Tips for Beating the Language Barrier in China

  • Speaking Louder Doesn’t Help: You’ll inevitably encounter uninformed tourists speaking loudly to locals, assuming that adding volume and speaking slower will help them to understand better. As you can imagine, this simply isn’t the case. Would you be able to understand Mandarin if it was given to you louder and slower? If someone doesn’t understand you, simply repeating the same words won’t help. Don't make yourself look like a rude tourist.
  • Getting It Right: Unfortunately, your reward for nailing a tone-perfect hello or expression in Mandarin will inevitably be a friendly stream of more Mandarin directed your way. Just by attempting to speak the language, strangers will sometimes give you way too much credit and begin speaking to you conversationally!
  • Mandarin Works Best in Beijing: Whatever you learn in Mandarin will be infinitely more useful while near Beijing. The farther you travel from the capital city, the less luck you’ll have finding Chinese people who can understand your messy attempts to get the tones right.
  • Alphabets Aren't the Same: Pointing to a card, map, or guidebook with a phonetic alphabet isn’t going to help others to understand you, just as you can’t read Chinese characters. You can always ask an English-speaking friend or the reception desk to write Chinese characters for you to show to drivers.
  • Know a Few Phrases: Arriving in China armed with these useful phrases in Mandarin may save you lots of stress.

Speaking Mandarin While in China

Nothing can be more frustrating than trying to learn a tonal language. To untrained ears, you’re saying the word correctly, however, no one seems to understand.

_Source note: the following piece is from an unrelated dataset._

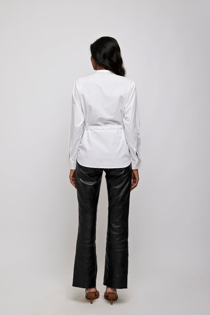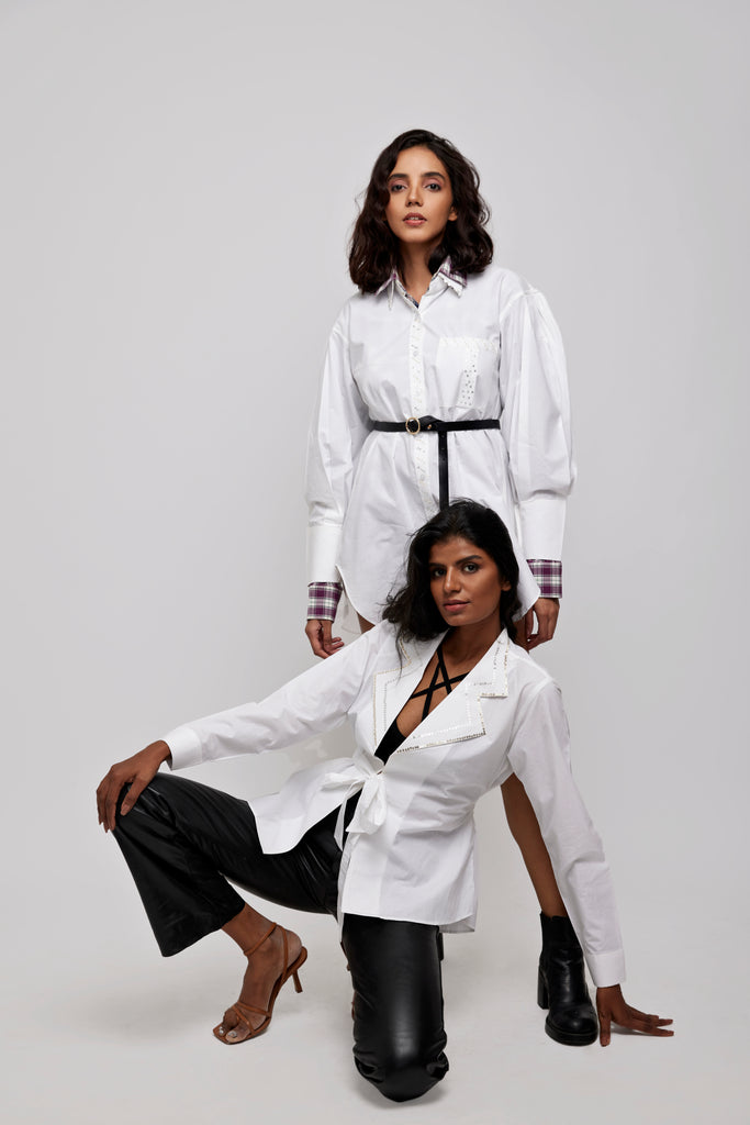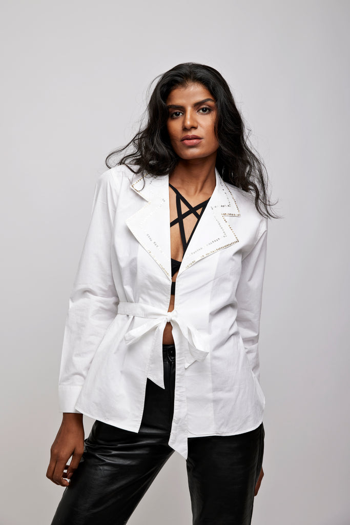 A Classic wrap around slim shirt with basic sleeves, notch lapels. Notch lapels embellished with golden and silver sequins

Add to this the fact that most words in the Chinese language are very short and deceivingly simple, often only three letters long!

Knowing a few words in Mandarin will certainly enhance your travel experience, however, don’t expect everyone to understand your initial attempts. Chinese people who are accustomed to dealing with tourists may be able to understand your mispronounced tones, but people on the street may not.

There is always the chance that the person with whom you are speaking may not even understand much Mandarin. Chinese people from different provinces sometimes have trouble communicating with each other. Standard Chinese, aka Mandarin, only relatively recently became the national language throughout Mainland China. Young people may understand Mandarin better because they were taught in school, however, you may have less success when speaking with older Chinese people. Cantonese — very different from Mandarin — is still taught and spoken in Hong Kong and Macau.

Chinese people will often draw the correlating symbol in the air or on their palm while trying to communicate. While this helps people from different regions communicate with each other, it won't help you very much.

Numbers Are Important

You’ll obviously use numbers frequently in everyday interactions while in China. Prices will be quoted to you in Chinese. Miscommunication during negotiations — yes, you’ll need to negotiate when buying souvenirs — can have dire consequences.

To prevent arguments and embarrassment when negotiating prices, the Chinese use a finger-counting system to express numbers, similar but slightly different than our own. Learning the numbers in Chinese will be a big help when haggling. Being able to recognize the hand symbols for each number may come in handy in noisy, frenetic markets.

Some proprietors who can read Arabic numerals may have calculators available at the checkout counter. If so, you simply pass the calculator back and forth with counteroffers until an agreeable price is reached.

Tip: You can take budget travel to the next level by learning the Chinese symbols for each number. Not only will learning Chinese numbers — it's easier than you think — help you to read tickets (i.e., seat numbers, car numbers, etc), you'll be able to understand the Chinese prices on signs and price tags that are lower than the English version.

What Exactly Is a Laowai?

Undoubtedly a word that you’ll hear often while in China, foreigners are referred to as laowai (old outsider). Although strangers may even point while calling you a laowai to your face, the term is rarely meant to be rude or derogatory. The Chinese government has been trying to quell the use of the word laowai in media and daily use for years without much luck.